The lines to output run from the first line of the entries below through the line containing "na suwak, w"; copy them exactly and leave out pictures.

Recorded data:
= Beginning of Section =

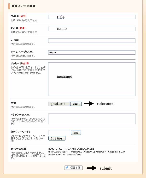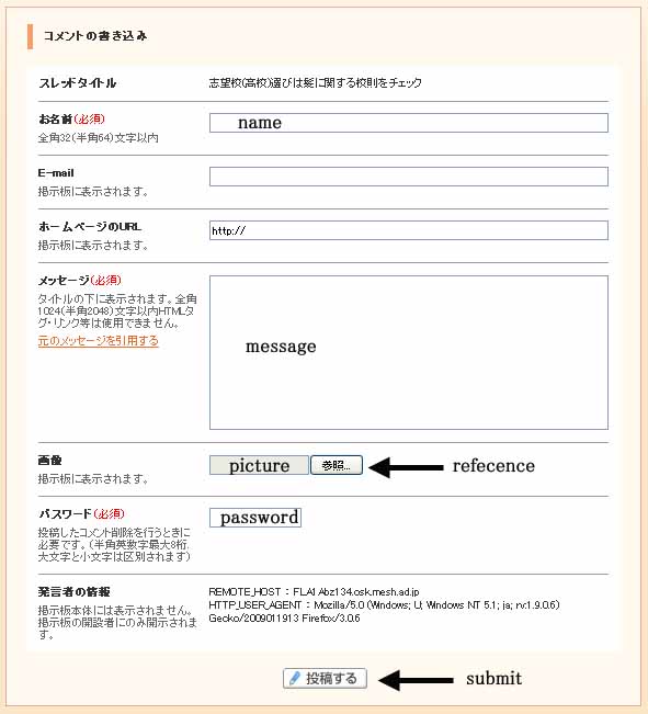 - message: indispensable. 2048 characters or less. If you show URL of a page in the message, it is automatically linked to the page after sumitting the message.
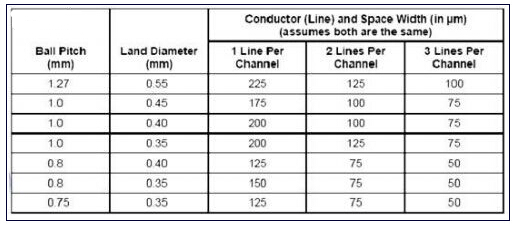 一旦完成了Dog bone型扇出,并且確定了特定的過孔焊盤尺寸,二步就是定義從BGA進(jìn)入電路板內(nèi)層的走線寬度。確認(rèn)走線寬度時要考慮許多因素。表1顯示了走線寬度。走線之間要求的小空間限定了BGA迂回布線空間。重要的是要知道,減小走線之間的空間將增加電路板制造成本。
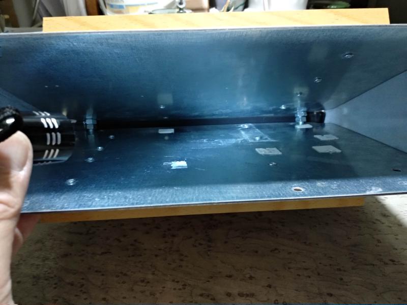 Para recoger los balines un tubo de hierro de 3*3, 1'5mm de grosor, le hecho un canal que entran justo los bordes de las chapas y para ruido le he puesto un par de tablas atornilladas.
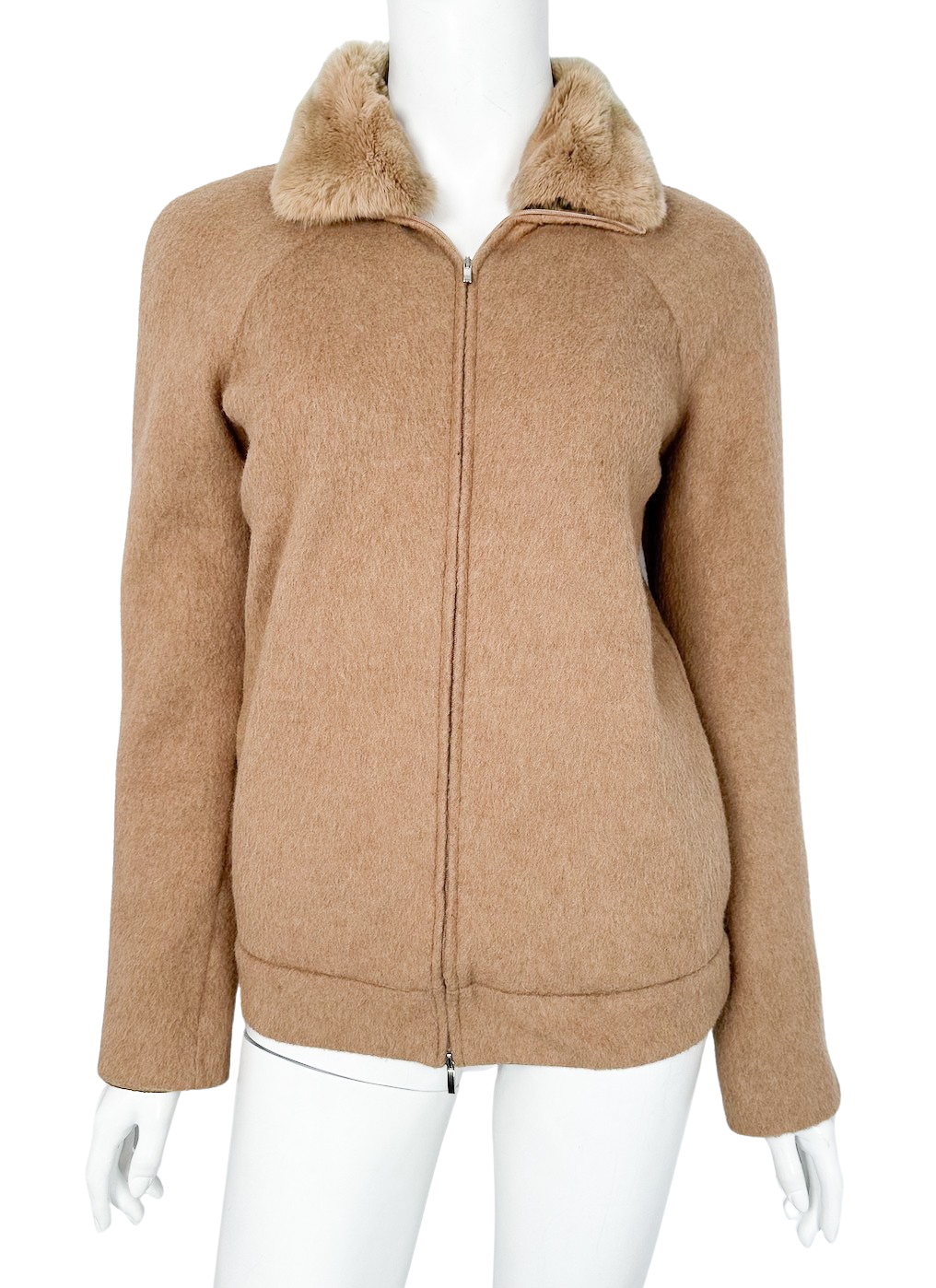 "Kurtko-sweter zapinany na suwak, w odcieniu jasnego brązu. Futrzany kołnierzyk z możliwością odpięcia, dwie boczne kieszenie. Rozmiar 38. Skład: 100% wełna z wielbłąda. Wymiary: szerokość mierzona od pachy do pachy 47cm, długość rękawa 60cm, długość całkowita 59,5cm."
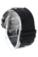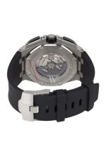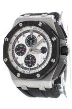 Stainless steel case with a black rubber strap. Fixed black ceramic bezel. Silver tone dial with silver-tone hands and index hour markers. Minute markers. Tachymeter markings around the outer rim. Dial Type: Analog. Luminescent hands and markers. Date display at the 3 o’clock position. Chronograph – three sub-dials displaying: 60 second, 30 minute and 12 hour. Automatic movement with a 50 hour power reserve. Scratch resistant sapphire crystal. Screw down crown. Skeleton case back. Case diameter: 44mm. Case thickness: 14.3 mm. Octaganol case shape. Tang clasp. Water resistant at 100 meters / 330 feet. Functions: chronograph, date, hour, minute, second. Luxury watch style. Watch label: Swiss Made. Audemars Piguet Royal Oak Offshore White mega Tapisserie Dial Black Rubber Strap Mens Watch 26400SO.OO.A002CA.01

= End of Section =

▶ _Task output_:
 - message: indispensable. 2048 characters or less. If you show URL of a page in the message, it is automatically linked to the page after sumitting the message.
 一旦完成了Dog bone型扇出,并且確定了特定的過孔焊盤尺寸,二步就是定義從BGA進(jìn)入電路板內(nèi)層的走線寬度。確認(rèn)走線寬度時要考慮許多因素。表1顯示了走線寬度。走線之間要求的小空間限定了BGA迂回布線空間。重要的是要知道,減小走線之間的空間將增加電路板制造成本。
 Para recoger los balines un tubo de hierro de 3*3, 1'5mm de grosor, le hecho un canal que entran justo los bordes de las chapas y para ruido le he puesto un par de tablas atornilladas.
 "Kurtko-sweter zapinany na suwak, w odcieniu jasnego brązu. Futrzany kołnierzyk z możliwością odpięcia, dwie boczne kieszenie. Rozmiar 38. Skład: 100% wełna z wielbłąda. Wymiary: szerokość mierzona od pachy do pachy 47cm, długość rękawa 60cm, długość całkowita 59,5cm."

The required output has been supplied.